WORK TO BE COMPLETED: Pull from the data below each line where the word "take" occurs, and copy it.

*** TASK MATERIAL Section Begins ***

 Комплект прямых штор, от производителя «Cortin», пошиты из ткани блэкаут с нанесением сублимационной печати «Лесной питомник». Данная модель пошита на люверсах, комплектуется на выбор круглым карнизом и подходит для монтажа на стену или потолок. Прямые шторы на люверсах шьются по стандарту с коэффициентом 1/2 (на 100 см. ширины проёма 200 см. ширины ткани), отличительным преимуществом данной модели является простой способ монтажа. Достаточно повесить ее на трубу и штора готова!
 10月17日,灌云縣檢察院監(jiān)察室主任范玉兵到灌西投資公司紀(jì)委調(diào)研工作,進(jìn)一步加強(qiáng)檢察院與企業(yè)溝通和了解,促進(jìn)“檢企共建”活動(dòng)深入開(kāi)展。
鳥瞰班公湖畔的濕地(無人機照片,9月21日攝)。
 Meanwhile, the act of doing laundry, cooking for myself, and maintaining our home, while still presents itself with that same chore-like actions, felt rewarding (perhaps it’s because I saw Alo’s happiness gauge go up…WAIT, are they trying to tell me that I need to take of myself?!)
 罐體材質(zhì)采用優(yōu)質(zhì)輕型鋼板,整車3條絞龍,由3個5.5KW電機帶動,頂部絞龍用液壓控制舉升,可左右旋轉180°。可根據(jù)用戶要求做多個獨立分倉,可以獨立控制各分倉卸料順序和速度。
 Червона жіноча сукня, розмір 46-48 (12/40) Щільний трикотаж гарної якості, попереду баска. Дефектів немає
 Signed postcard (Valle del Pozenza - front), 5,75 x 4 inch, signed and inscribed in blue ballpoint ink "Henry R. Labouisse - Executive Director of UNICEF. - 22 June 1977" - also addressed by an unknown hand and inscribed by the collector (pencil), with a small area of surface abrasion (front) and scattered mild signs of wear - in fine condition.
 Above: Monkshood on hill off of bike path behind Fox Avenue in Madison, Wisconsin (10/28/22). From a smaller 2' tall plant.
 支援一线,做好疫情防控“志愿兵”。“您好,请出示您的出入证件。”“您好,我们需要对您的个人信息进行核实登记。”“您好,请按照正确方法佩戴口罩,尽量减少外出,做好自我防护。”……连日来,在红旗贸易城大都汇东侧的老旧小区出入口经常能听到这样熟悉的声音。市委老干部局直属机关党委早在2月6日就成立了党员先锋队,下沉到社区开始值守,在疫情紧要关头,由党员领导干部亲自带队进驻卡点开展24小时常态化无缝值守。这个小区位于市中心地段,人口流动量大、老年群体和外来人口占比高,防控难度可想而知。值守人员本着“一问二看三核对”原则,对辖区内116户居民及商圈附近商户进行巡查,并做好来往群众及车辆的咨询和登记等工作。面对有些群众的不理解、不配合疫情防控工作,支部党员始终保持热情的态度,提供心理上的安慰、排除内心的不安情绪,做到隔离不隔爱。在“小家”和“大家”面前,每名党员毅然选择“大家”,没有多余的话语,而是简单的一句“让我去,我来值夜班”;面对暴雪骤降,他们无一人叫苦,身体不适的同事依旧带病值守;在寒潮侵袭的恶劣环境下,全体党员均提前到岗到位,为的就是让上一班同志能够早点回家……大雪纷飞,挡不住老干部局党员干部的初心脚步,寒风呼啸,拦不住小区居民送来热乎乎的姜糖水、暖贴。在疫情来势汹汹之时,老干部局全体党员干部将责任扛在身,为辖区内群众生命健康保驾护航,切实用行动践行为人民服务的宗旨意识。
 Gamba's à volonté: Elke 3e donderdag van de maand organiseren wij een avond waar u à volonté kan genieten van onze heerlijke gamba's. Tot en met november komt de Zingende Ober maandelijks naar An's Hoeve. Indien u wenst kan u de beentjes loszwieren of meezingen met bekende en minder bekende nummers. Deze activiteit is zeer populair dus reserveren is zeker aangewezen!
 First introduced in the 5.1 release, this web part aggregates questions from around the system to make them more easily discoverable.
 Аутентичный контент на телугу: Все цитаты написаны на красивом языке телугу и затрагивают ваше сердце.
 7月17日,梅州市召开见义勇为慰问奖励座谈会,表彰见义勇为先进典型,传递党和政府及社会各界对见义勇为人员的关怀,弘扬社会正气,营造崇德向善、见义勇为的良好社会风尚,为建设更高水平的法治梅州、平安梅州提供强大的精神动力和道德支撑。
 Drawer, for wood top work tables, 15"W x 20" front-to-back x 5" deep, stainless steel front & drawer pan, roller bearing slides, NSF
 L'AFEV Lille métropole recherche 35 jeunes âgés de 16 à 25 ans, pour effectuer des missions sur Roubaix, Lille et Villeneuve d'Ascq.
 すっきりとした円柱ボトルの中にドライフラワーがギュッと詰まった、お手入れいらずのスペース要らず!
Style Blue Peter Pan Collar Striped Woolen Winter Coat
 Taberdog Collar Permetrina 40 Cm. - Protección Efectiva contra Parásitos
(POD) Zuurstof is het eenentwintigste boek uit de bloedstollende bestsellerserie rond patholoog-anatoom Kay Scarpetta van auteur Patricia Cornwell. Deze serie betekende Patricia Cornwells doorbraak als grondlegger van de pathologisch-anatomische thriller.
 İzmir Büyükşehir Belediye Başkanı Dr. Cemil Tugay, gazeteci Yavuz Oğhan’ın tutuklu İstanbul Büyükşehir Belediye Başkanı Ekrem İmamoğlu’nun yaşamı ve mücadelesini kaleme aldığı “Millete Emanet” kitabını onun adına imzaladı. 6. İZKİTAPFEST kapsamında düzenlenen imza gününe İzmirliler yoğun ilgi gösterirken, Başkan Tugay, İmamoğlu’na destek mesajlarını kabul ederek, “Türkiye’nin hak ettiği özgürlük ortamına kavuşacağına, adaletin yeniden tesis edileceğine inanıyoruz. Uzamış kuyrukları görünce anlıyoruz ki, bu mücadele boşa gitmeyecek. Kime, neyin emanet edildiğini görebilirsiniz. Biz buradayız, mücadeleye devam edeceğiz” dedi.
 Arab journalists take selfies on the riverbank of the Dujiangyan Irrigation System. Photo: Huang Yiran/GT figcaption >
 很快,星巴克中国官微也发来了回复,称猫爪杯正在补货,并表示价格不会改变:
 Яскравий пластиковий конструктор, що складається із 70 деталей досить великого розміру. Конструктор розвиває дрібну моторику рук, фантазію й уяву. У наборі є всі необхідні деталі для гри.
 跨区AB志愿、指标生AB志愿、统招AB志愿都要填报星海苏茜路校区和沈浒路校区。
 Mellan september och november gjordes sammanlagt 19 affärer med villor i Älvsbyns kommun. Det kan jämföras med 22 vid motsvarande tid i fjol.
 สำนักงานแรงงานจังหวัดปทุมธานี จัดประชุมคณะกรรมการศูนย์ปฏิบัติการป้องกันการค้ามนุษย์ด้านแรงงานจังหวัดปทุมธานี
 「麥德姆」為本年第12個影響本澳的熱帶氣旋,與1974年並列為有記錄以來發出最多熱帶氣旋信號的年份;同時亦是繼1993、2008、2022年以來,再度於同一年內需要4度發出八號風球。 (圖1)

*** TASK MATERIAL Section Ends ***

EXPECTED OUTPUT:
 Meanwhile, the act of doing laundry, cooking for myself, and maintaining our home, while still presents itself with that same chore-like actions, felt rewarding (perhaps it’s because I saw Alo’s happiness gauge go up…WAIT, are they trying to tell me that I need to take of myself?!)
 Arab journalists take selfies on the riverbank of the Dujiangyan Irrigation System. Photo: Huang Yiran/GT figcaption >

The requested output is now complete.